Noemí Taboada receives a summons from her father while at a lavish costume party. She cuts her date short and returns home, where her father hands her a mysterious letter from Catalina, her cousin. Catalina claims that her husband’s family treats her cruelly, that she’s being kept as a prisoner, and that she has been seeing ghosts. Noemí’s father dismisses Catalina’s claims as melodramatic but nevertheless thinks Noemí should go visit her cousin in El Triunfo. If she does, he’ll finally let Noemí study anthropology in graduate school. Noemí agrees and leaves the next morning.
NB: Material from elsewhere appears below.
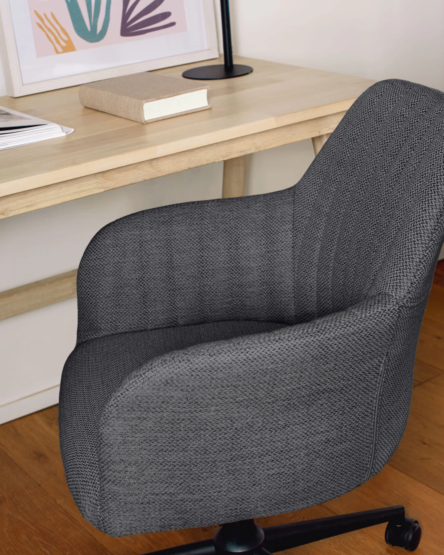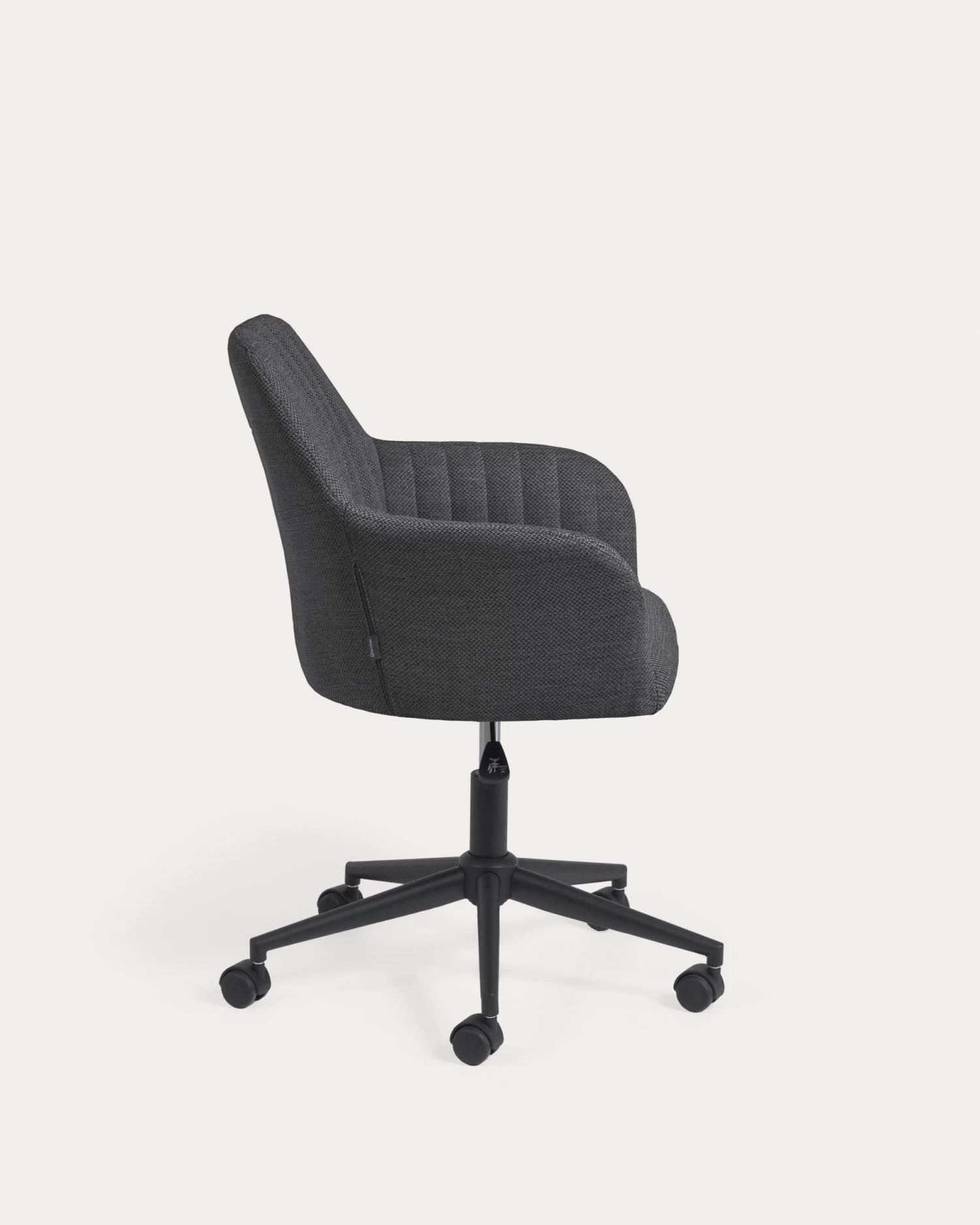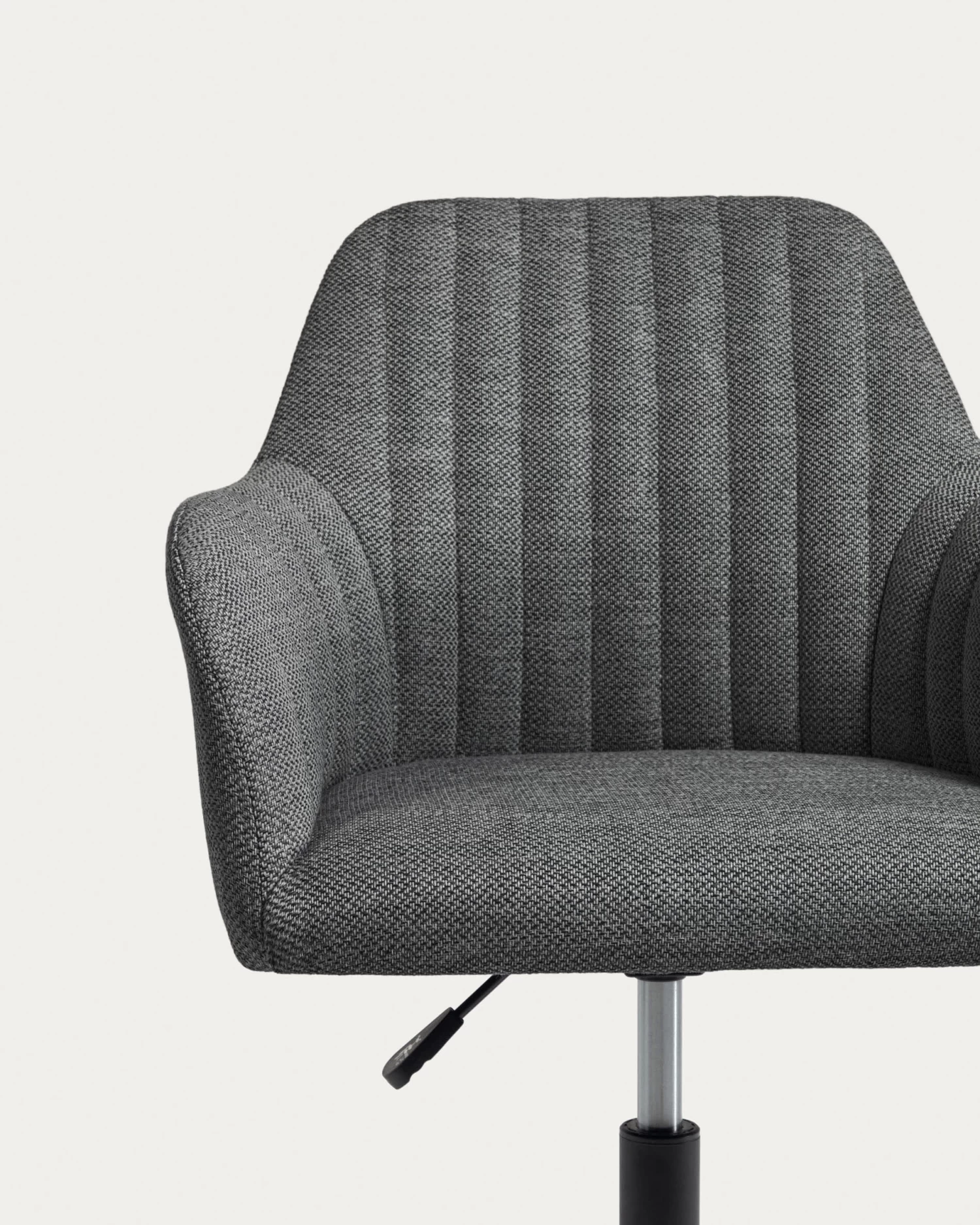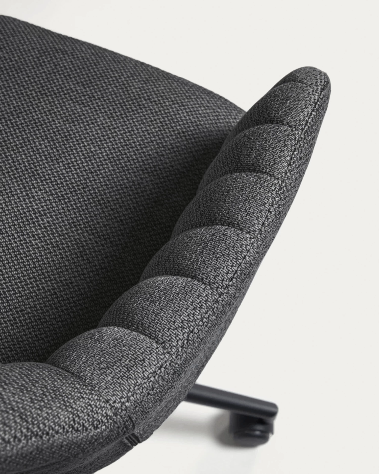- Swivel chair with adjustable height, a matt black steel frame and wheels that are suitable for wooden floors.

When Noemí arrives in El Triunfo, she finds it to be a ramshackle town. An automobile is waiting for her at the train station, and the English man driving it introduces himself as Francis Doyle, great nephew of Howard Doyle. He takes Noemí to the Doyle estate, which everyone calls High Place. Noemí walks into the old, Victorian style home and meets a stern-looking woman named Florence Doyle, who explains that she runs High Place and that Noemí should make sure to follow the rules of the house. Florence takes Noemí to Catalina’s bedroom. Surprisingly, Catalina doesn’t look that sick—even though she claims she has tuberculosis. Catalina tells Noemí that she was delirious with fever when she wrote the letter, so Noemí shouldn’t worry too much about it.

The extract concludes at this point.